UnifabriX is planning a new funding round in the second half of 2025.
The fab process side is developing, with Hyatt saying: “Currently, our silicon is seven nanometer and we plan to have a five nanometer TSMC silicon later, in 2026, early 2027.” This aligns with PCIe Gen 6, as Hyatt pointed out: “CXL itself is moving from PCIe Gen 5 to Gen 6, so we have to upgrade the process. Gen 6 comes with mixed signals … that needs five nanometer to be efficient on power.”
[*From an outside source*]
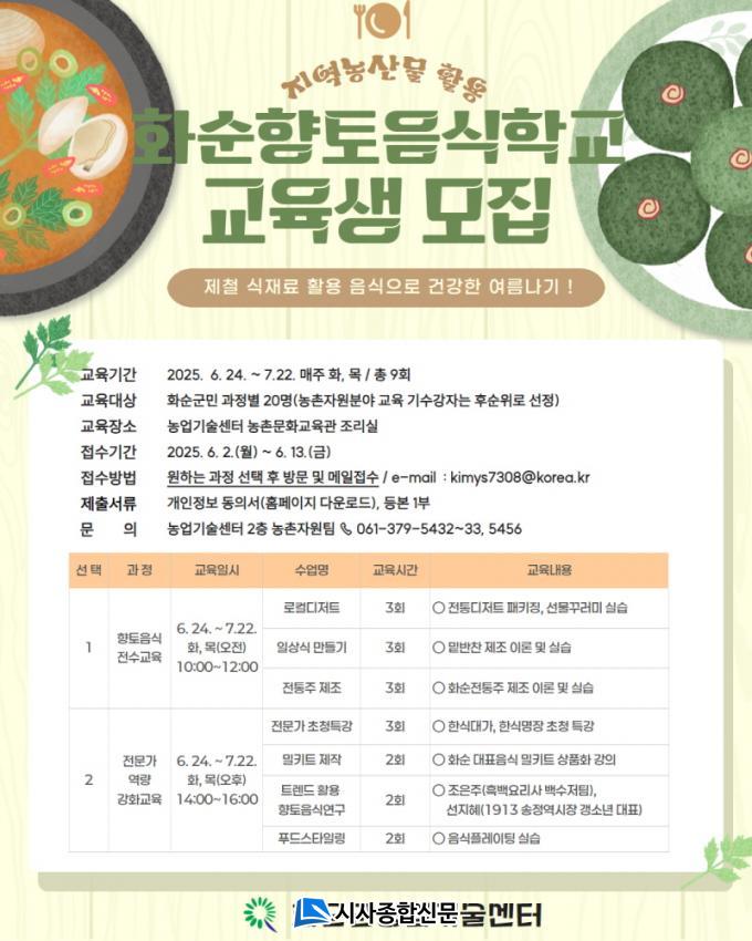 ±³À°Àº 6¿ù 24ÀÏ °³°Çϸç, °¢ °úÁ¤Àº ÃÑ 9ȸ·Î ¸ÅÁÖ È¿äÀϰú ±Ý¿äÀÏ¿¡ ÁøÇàµÈ´Ù. ±³À°ºñ¿Í Àç·áºñ´Â Àü¾× ¹«·á´Ù. ¸ðÁýÀοøÀº °úÁ¤º° 20¸íÀ̸ç, ȼø±º¿¡ ÁÖ¼ÒÁö¸¦ µÐ ±º¹Î Áß ÇâÅäÀ½½Ä¿¡ °ü½É ÀÖ´Â ÁÖ¹ÎÀ̳ª °ü·ÃºÐ¾ß °»ç·Î Ȱµ¿ ÁßÀÎ »ç¶÷ÀÌ¸é ½ÅûÇÒ ¼ö ÀÖ´Ù.
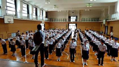まずは出発式や解散式、2日のフィールドワークで必要となる班整列です。

We’ll follow up with an article looking at UnifabriX’s MAX device.
Bootnote
QSFP – Quad Small Form-factor Pluggable standard referring to transceivers for optical fiber or copper cabling, and providing speeds four times their corresponding SFP (Small Form-factor Pluggable) standard. The QSFP28 variant was published in 2014 and allowed speeds up to 100 Gbps while the QSFP56 variant was standardized in 2019, doubling the top speeds to 200 Gbps. A larger variant Octal Small Format Pluggable (OSFP) had products released in 2022 capable of 800 Gbps links between network equipment.
OSFP MSA – Octal Small Form Factor Pluggable (OSFP) Multi Source Agreement (MSA). The OSFP (x8) and its denser OSFP-XD (x16) variants both support the latest signaling rate of 224G PAM4 per lane (for example 8 x 200G = 1.6 Tbps Ethernet). They are compatible with PCIe Gen5 / CXL 1.1, 2.0 (32G NRZ), PCIe Gen6 / CXL 3.x (64G PAM4) and PCIe Gen7 / CXL 4.x (128G PAM4). This OSFP cabling system is future-proof for 2 generations ahead in the PCIe domain. It is also ready for UALink that reuses Ethernet IO at the electrical level.
CDFP – CDFP is short for 400 (CD in Roman numerals) Form-factor Pluggable, and designed to provide a low cost, high density 400 Gigabit Ethernet connection.